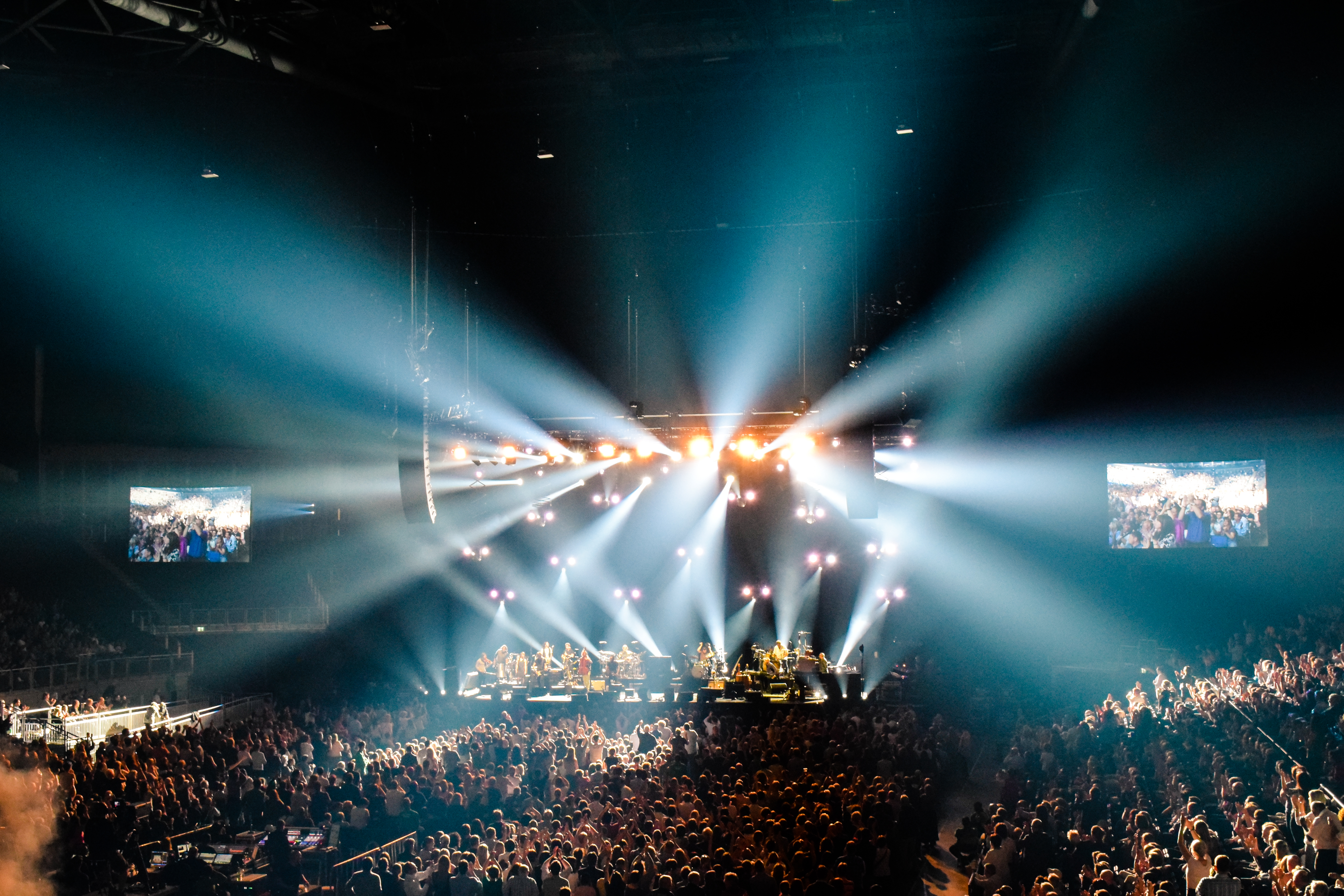 Concert for Paul Simon & Sting at the O2 arena in London. Part of their world tour.
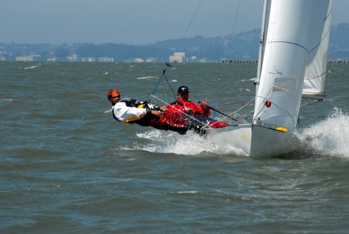 Flying Junior World Championship 2007 San Francisco, World Champions Wanders/Wortberg
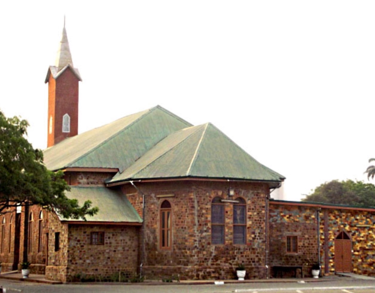 Personal photo of a Ghanaian historic church, Osu Ebenezer Presbyterian Church
#####
Task » An exact repeat of the listing above, pictures excluded, is the answer.

Solution for this problem »
 Concert for Paul Simon & Sting at the O2 arena in London. Part of their world tour.
 Flying Junior World Championship 2007 San Francisco, World Champions Wanders/Wortberg
 Personal photo of a Ghanaian historic church, Osu Ebenezer Presbyterian Church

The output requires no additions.